This example shows a self calibration procedure based on a constrained optimization process. Sources of opportunity are exploited to simultaneously estimate array shape uncertainties and source directions.

This example requires Optimization Toolbox™.

Introduction

In theory, one can design a perfect uniform linear array (ULA) to perform all sorts of processing such as beamforming or direction of arrival estimation. Typically this array will be calibrated in a controlled environment before being deployed. However, uncertainties may arise in the system during operation indicating that the array needs recalibrating. For instance, environmental effects may cause array element positions to become perturbed, introducing array shape uncertainties. The presence of these uncertainties causes rapid degradation in the detection, resolution and estimation performance of array processing algorithms. It is therefore critical to remove these array uncertainties as soon as possible.

There are many array calibration algorithms. This example focuses on one class of them, self calibration (also called auto-calibration), where uncertainties are estimated jointly with the positions of a number of external sources at unknown locations [1]. Unlike pilot calibration, this allows an array to be re-calibrated in a less known environment. However, in general, this results in a small number of signal observations with a large number of unknowns. There are a number of approaches to solving this problem as described in [2]. One is to construct and optimize against a cost function. These cost functions tend to be highly non-linear and contain local minima. In this example, a cost function based on the Multiple Signal Classification (MUSIC) algorithm [3] is formed and solved as an fmincon optimization problem using Optimization Toolbox.

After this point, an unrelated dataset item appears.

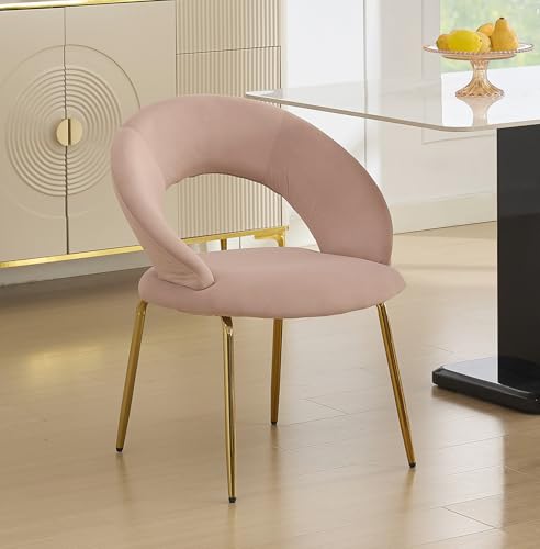 Pink Vanity Chair, Modern Velvet Living Room Accent Chair with Curved Backrest, Upholstered Cute Armchair with Golden Metal Legs for Dressing Room Bedroom Dining Room Office (Pink+Velvet)(White+velvet)

In the literature, many other combinations also exist [2].

A Perfect Array

Consider first a 5-element ULA operating with half wavelength spacing is deployed. In such an array, the element positions can be readily computed.

N = 5;
designed_pos = [zeros(1,N);-(N-1)/2:(N-1)/2;zeros(1,N)]*0.5;

A Not So Perfect Array

Next, assume the array is perturbed whilst in operation and so undergoes array shape uncertainties in the x and y dimensions. In order to fix the global axes, assume that the first sensor and the direction to the second sensor is known as prescribed in [4].

rng default
pos_std = 0.02;
perturbed_pos = designed_pos + pos_std*[randn(2,N);zeros(1,N)];
perturbed_pos(:,1) = designed_pos(:,1); % The reference sensor has no
                                        % uncertainties
perturbed_pos(1,2) = designed_pos(1,2); % The x axis is fixed down by
                                        % assuming the x-location of
                                        % another sensor is known

Visualize the Array Imperfections

The figure below shows the difference between the deployed and the perturbed array.

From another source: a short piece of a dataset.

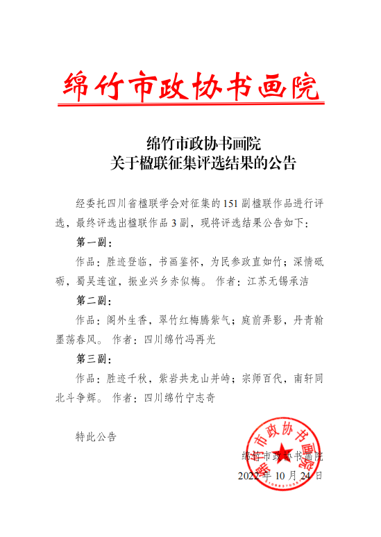 [赛事揭晓] 绵竹市政协书画院关于楹联征集评选结果公告

helperCompareArrayProperties('Position',perturbed_pos,designed_pos,...
    {'Perturbed Array','Deployed Array'});
view(90,90);

Degradation of DOA Estimation

The previous section shows the difference between the deployed array and an array which has undergone perturbations while in operation. If one blindly uses the processing designed for the deployed array, the performance of the array reduces. For example, consider a beamscan estimator is used to estimate the directions of 3 unknown sources at -20, 40 and 85 degrees azimuth.

% Generate 100K samples with 30dB SNR
ncov = db2pow(-30);
Nsamp = 1e5;               % Number of snapshots (samples)
incoming_az = [-20,40,85]; % Unknown source locations to be estimated
M = length(incoming_az);
[x_pert,~,Rxx] = sensorsig(perturbed_pos,Nsamp,incoming_az,ncov);

% Estimate the directions of the sources
ula = phased.ULA('NumElements',N);
spatialspectrum = phased.BeamscanEstimator('SensorArray',ula,...
    'DOAOutputPort',true,'NumSignals',M);
[y,estimated_az] = spatialspectrum(x_pert);

incoming_az
incoming_az = 1×3

   -20    40    85

estimated_az
estimated_az = 1×3

   -19    48    75

These uncertainties degrade the array performance. Self calibration can allow the array to be re-calibrated using sources of opportunity, without needing to know their locations.

Self Calibration

A number of self calibration approaches are based on optimizing a cost function to jointly estimate unknown array and source parameters (such as array sensor and source locations). The cost function and optimization algorithm must be carefully chosen to encourage a global solution to be reached as easily and quickly as possible. In addition, parameters associated with the optimization algorithm must be tuned for the given scenario. A number of combinations of cost function and optimization algorithm exist in the literature. For this example scenario, a MUSIC cost function [3] is chosen alongside an fmincon optimization algorithm. As the scenario changes, it may be appropriate to adapt the approach used depending upon the robustness of the calibration algorithm. For instance, in this example, the performance of the calibration algorithm drops as sources move away from end-fire or the number of array elements increase. The initial estimates of the source locations estimated previously are used as the initialization criterion of the optimization procedure.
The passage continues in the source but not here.